In an added hilarious twist for some goddamn reason it was Barret Jackman night in St. Louis which makes perfect sense because Barret Jackman sucks. In that regard, every night is Barret Jackman night in St. Louis. They've made the playoffs in exactly half of his 10 full seasons in the NHL. Before his arrival in 2001-02 they had made the playoffs every year since 1978-79. Seems like something to celebrate to me. Thanks for making St. Louis somehow worse than they already were. 

Knives out. It’s HATECAP time. 


- Goaltending depth? Certainly I wouldn't say Corey Crawford mysteriously wobbling off the ice after the first period is a good thing but Ray Emery came in and swept up the rest of the Blues' stinking corpse for a combined shutout. Ray Emery has been immense this season. 

- Jonathan "Wishes He Was David Backes" Toews with two goals including one in the first 12 seconds off a breakout that would make baby Jesus spit up his myrrh. Or frankincense. Whatever.

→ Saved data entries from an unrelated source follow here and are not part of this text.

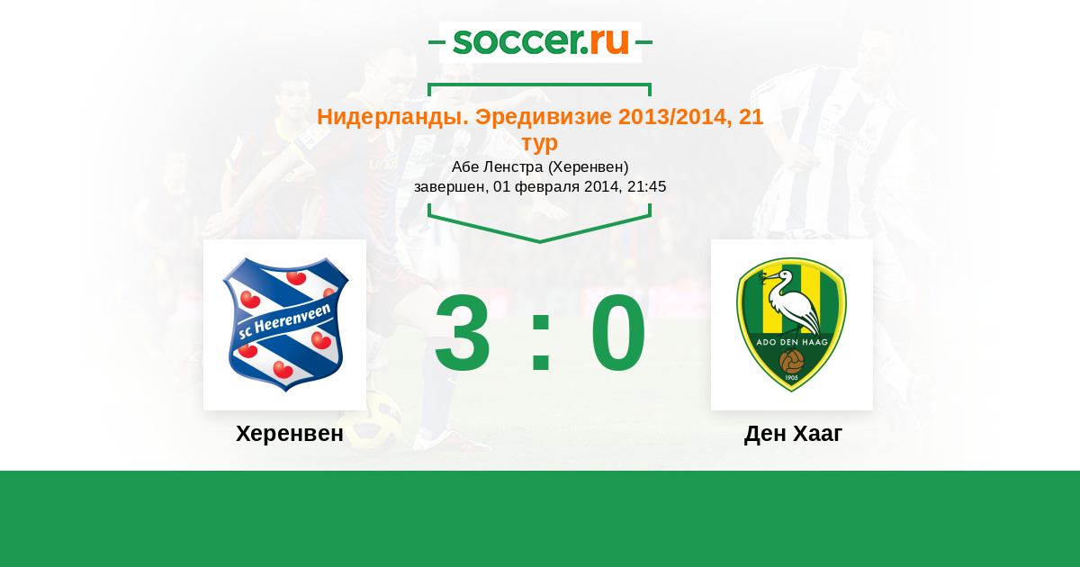 Нидерланды. Эредивизи 17.02.2013 Ден Хааг Логотип футбольный клуб Ден Хааг (Гаага) 2:1 Логотип футбольный клуб Херенвен Херенвен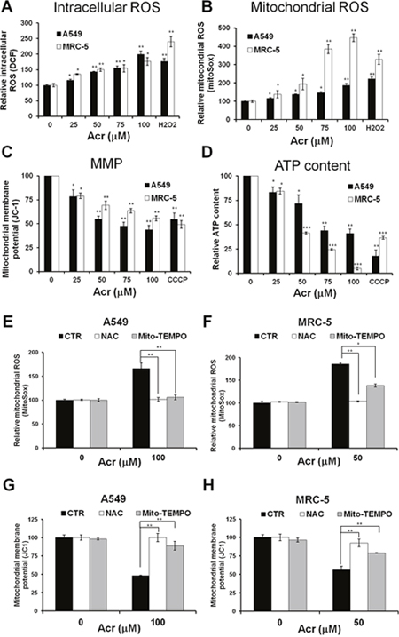 Figure 2: Acrolein induces mitochondrial ROS over-production, mitochondrial membrane potential and ATP content reduction, and NAC or Mito-TEMPO pretreatment eliminates these effects. In panels (A & B), cells were treated with different concentrations of Acr (0-100 μM) or H2O2 (250 μM) for 1 h, and (A) the intracellular and (B) mitochondrial ROS production were detected by DCF and MitoSOX Red staining assays, respectively. In panels (C & D), cells were treated with different concentrations of Acr (0-100 μM) or CCCP (100 μM) for 3 h and (C) the mitochondrial membrane potential (MMP) and (D) the ATP content were measured by JC-1 assay for MMP and ATP bioluminescence assay kits, respectively. In panels (E-H), cells were pretreated with NAC (5 mM) or Mito-TEMPO (100 μM) for 1 h and then subjected to Acr treatment (A549: 100 μM; MRC-5: 50 μM) for 1 h; the (E & F) mitochondrial ROS production and the (G & H) MMP were measured as described above. Bar graphs show data collected from 3 independent experiments. Data are mean ± s.d. * P< 0.05; ** P<0.01; ***P<0.005.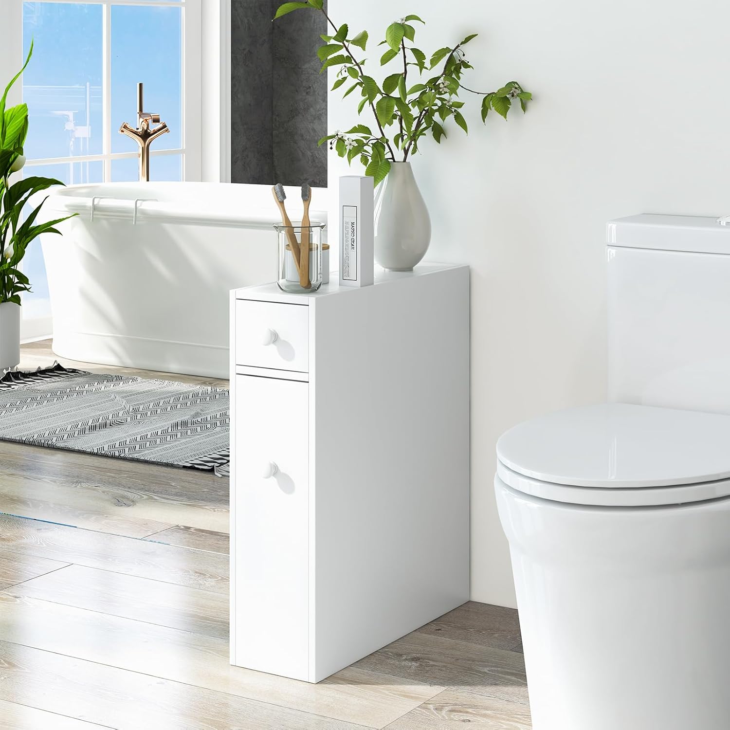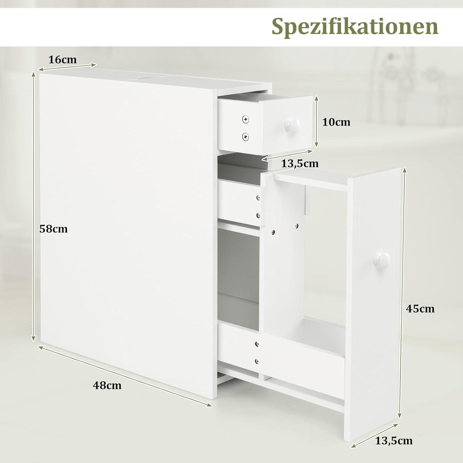 - 【Diverse Aufbewahrungsmöglichkeiten】Mit verschiedenen Schubladen und Schränken können Sie Ihre Taschentücher, Shampoos, Cremes und Handtücher überraschenderweise nach Belieben platzieren. Mit dem leichten ausziehbaren Schubladen können Sie den

- Brandon Saad on the PK. What ever the Hawks did to be lucky enough for him to fall to 43rd overall was they should thank their lucky stars every day. This kid is the truth. He also inadvertently put True Captain & All-Star Manly Man David Backes on his ass and then face and then he was injured for a while. 

- Other than a questionable penalty getting some revenge on Kris Russell, Andrew Shaw scoring his fifth (!) goal of the year on a wonderful feed from Bryan Bickell who was hanging out in his new office. Quite an unlikely duo these two are turning out to be. 

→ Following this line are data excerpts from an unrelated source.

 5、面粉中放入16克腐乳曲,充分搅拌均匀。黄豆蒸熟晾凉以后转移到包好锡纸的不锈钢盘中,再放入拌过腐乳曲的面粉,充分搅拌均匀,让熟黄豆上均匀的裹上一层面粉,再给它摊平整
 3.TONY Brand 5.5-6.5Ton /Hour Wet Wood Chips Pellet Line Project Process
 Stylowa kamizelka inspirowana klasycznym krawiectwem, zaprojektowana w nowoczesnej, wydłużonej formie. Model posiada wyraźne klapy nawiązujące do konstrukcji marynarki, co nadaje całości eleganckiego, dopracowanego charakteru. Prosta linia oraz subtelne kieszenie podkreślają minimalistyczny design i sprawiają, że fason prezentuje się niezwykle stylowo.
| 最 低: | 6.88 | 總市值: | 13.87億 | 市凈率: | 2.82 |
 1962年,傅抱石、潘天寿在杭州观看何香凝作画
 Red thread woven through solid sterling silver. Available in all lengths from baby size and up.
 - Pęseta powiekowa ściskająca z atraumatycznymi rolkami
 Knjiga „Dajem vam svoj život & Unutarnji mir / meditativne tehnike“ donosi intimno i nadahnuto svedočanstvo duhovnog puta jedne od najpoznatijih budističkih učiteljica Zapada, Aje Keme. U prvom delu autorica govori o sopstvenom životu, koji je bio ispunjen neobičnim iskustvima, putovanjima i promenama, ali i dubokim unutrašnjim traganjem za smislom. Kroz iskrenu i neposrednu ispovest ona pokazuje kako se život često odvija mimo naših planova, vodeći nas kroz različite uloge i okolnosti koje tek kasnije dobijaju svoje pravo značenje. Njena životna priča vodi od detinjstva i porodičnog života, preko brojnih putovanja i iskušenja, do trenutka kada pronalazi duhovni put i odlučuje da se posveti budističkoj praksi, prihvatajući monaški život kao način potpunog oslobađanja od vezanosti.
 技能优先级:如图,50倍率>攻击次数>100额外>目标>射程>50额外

- Nick Leddy's shot that set up Toews' second goal was great. Low to the ground allowing Toews to do the rest of the dirty work to put the game away. I love this kid. CAM BARKER. 


- Ryan Reaves may have been fantasizing about eating the Purina Dog Food (he lives in a dumpster behind the Purina Building) ad on the boards behind him as he lazily tripped Viktor Stalberg and stood there and watched as Stalberg recaptured the puck and had a clean shot on Halak from the dot. He's a terrible excuse for a hockey player. 

- Everyone taking draws for the Hawks not named Patrick Sharp or Jonathan Toews. 

- Ryan Reaves uses frozen chunks of mayo as soap.

- Dan "Gorilla Salad" Carcillo on the first line. Granted he only played ten minutes but ya know - those are minutes that Brandon Saad could be skating instead. Brandon Saad should be skating all the time. Brandon Saad is the truth. 

- Ryan Reaves owns every single Michael Bay movie on VHS. 


- We have a coach in the division in Barry Trotz who has no neck at all. We also have Ken Hitchcock whose neck spills out of his shirt like a double scoop on a waffle cone. 

- Barret Jackman Night, huh. We didn't even bother to look up what he was actually being honored for because facts are for losers. Instead here are some of the ways St. Louis honored their Scumbag Laureate: 

- Fans were encourage to shoot the rats over by the airport in honor of Jackman's favorite off-ice hobby
- "This Is Your Life Barret Jackman" featuring his stepdad, 18 friends named Rick, and a live performance by Finger Eleven (credit to @TheTripleDeke)
- A parking lot carnival and free STD testing
- Dollar off any concession stand purchase of any leading brand of bum wine including MD 20/20 and Night Train
- Punching unsuspecting people in the back of the head
- Free layaway at any St. Louis area Rent-a-Center 
- A re-enactment of Barret Jackman's favorite scenes from Entourage
- A paste eating contest 

- That said we still have no idea what Jackman was being honored for. Perhaps it was the 10th anniversary of the time Animal Control captured him and thought they’d finally solved the mystery of the chupacabra only to find out that the muffled grunts Barret Jackman considers everyday speaking were too close to human to be sure. 

The Blackhawks are 17-0-3. They have taken a point from every single game this season. There are only 28 games left. Enjoy every moment of this season friends. This is special stuff. The red-hot Columbus Blue Jackets are in town tomorrow night. Let's Go Hawks.